Skipping all pictures, set down the lines of the listing from the first through the one with "If Sika Cleaner".

**SUPPLIED MATERIAL**
========================================

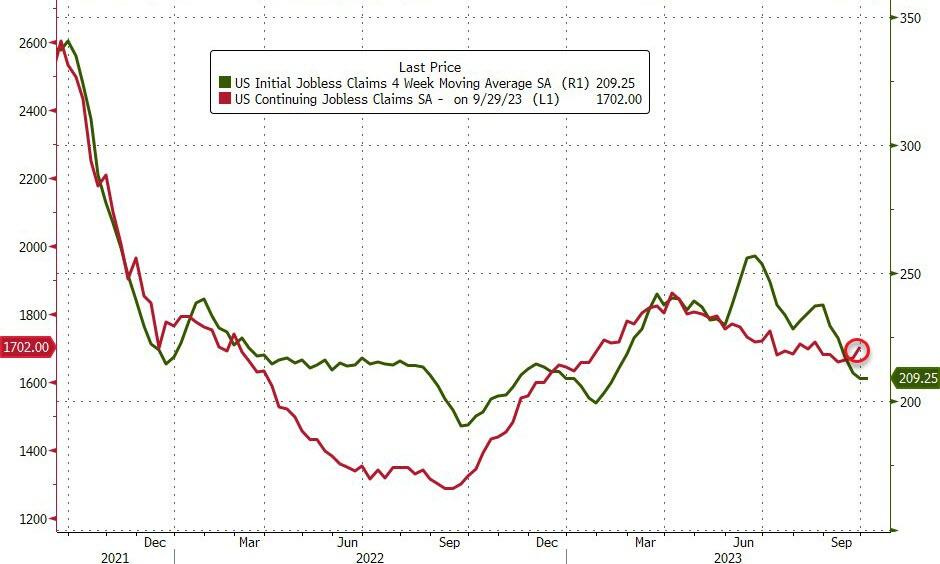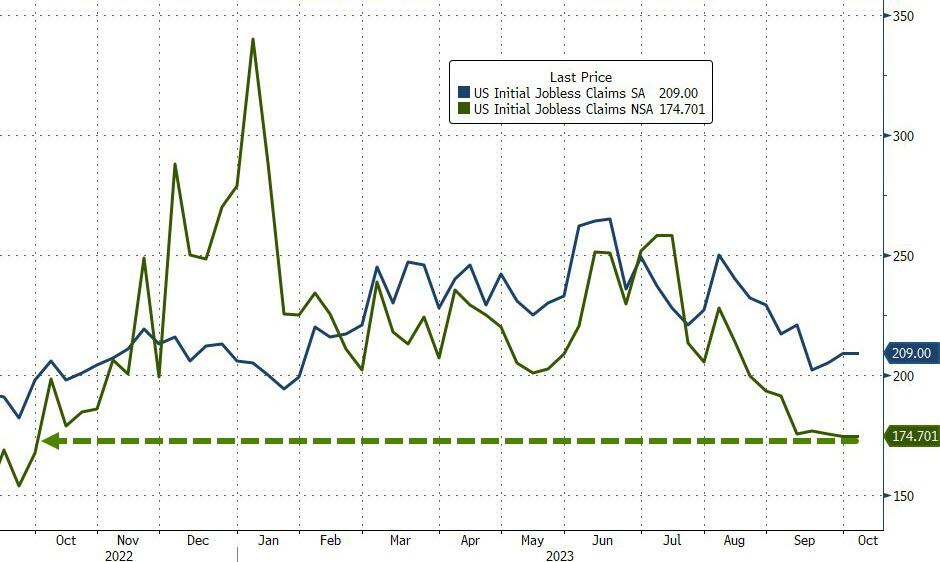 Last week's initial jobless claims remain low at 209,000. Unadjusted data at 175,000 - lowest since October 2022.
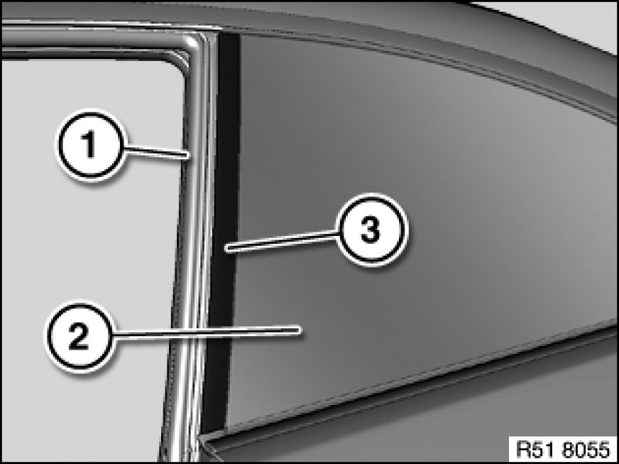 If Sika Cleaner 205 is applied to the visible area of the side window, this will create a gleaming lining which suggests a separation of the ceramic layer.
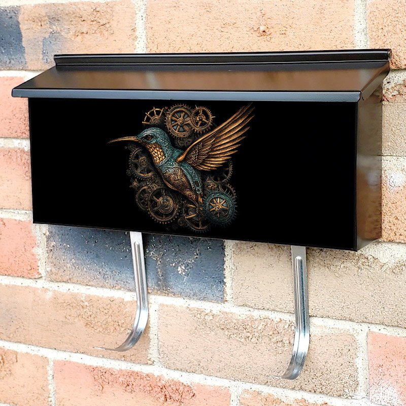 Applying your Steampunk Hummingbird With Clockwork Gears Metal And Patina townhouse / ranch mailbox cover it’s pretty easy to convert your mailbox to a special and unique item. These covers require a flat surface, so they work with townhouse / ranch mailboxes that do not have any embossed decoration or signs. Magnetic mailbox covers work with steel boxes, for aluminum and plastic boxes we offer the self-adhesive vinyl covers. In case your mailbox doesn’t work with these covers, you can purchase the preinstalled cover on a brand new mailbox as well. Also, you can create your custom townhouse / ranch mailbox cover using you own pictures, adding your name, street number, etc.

========================================

**ANSWER SPACE**
 Last week's initial jobless claims remain low at 209,000. Unadjusted data at 175,000 - lowest since October 2022.
 If Sika Cleaner 205 is applied to the visible area of the side window, this will create a gleaming lining which suggests a separation of the ceramic layer.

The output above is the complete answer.